GIVEN INFORMATION ::
☆ ☆ ☆ ☆ ☆

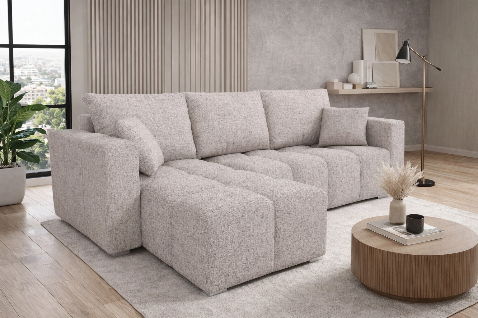 Narożnik z funkcją spania Linco beżowy uniwersalny narożnik o nowoczesnym designie wykonany z wytrzymałej plecionej tkaniny
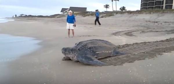 شاهد بالفيديو.. أكبر سلحفاة في العالم تفاجئ السياح
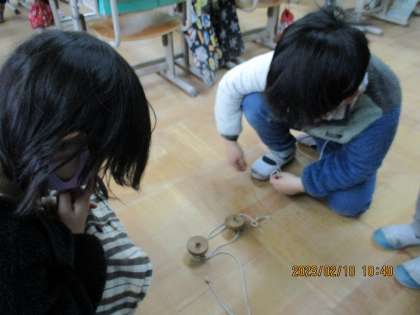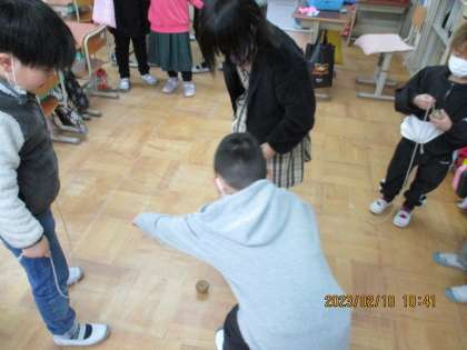雨の日の休み時間の様子です。廊下にあるピアノで教頭先生の伴奏にあわせて歌う姿や、教室内ではコマ遊びをする姿がありました。

☆ ☆ ☆ ☆ ☆

YOUR GOAL :: Copy the listing exactly, omitting pictures.

EXERCISE ANSWER ::
 Narożnik z funkcją spania Linco beżowy uniwersalny narożnik o nowoczesnym designie wykonany z wytrzymałej plecionej tkaniny
 شاهد بالفيديو.. أكبر سلحفاة في العالم تفاجئ السياح
雨の日の休み時間の様子です。廊下にあるピアノで教頭先生の伴奏にあわせて歌う姿や、教室内ではコマ遊びをする姿がありました。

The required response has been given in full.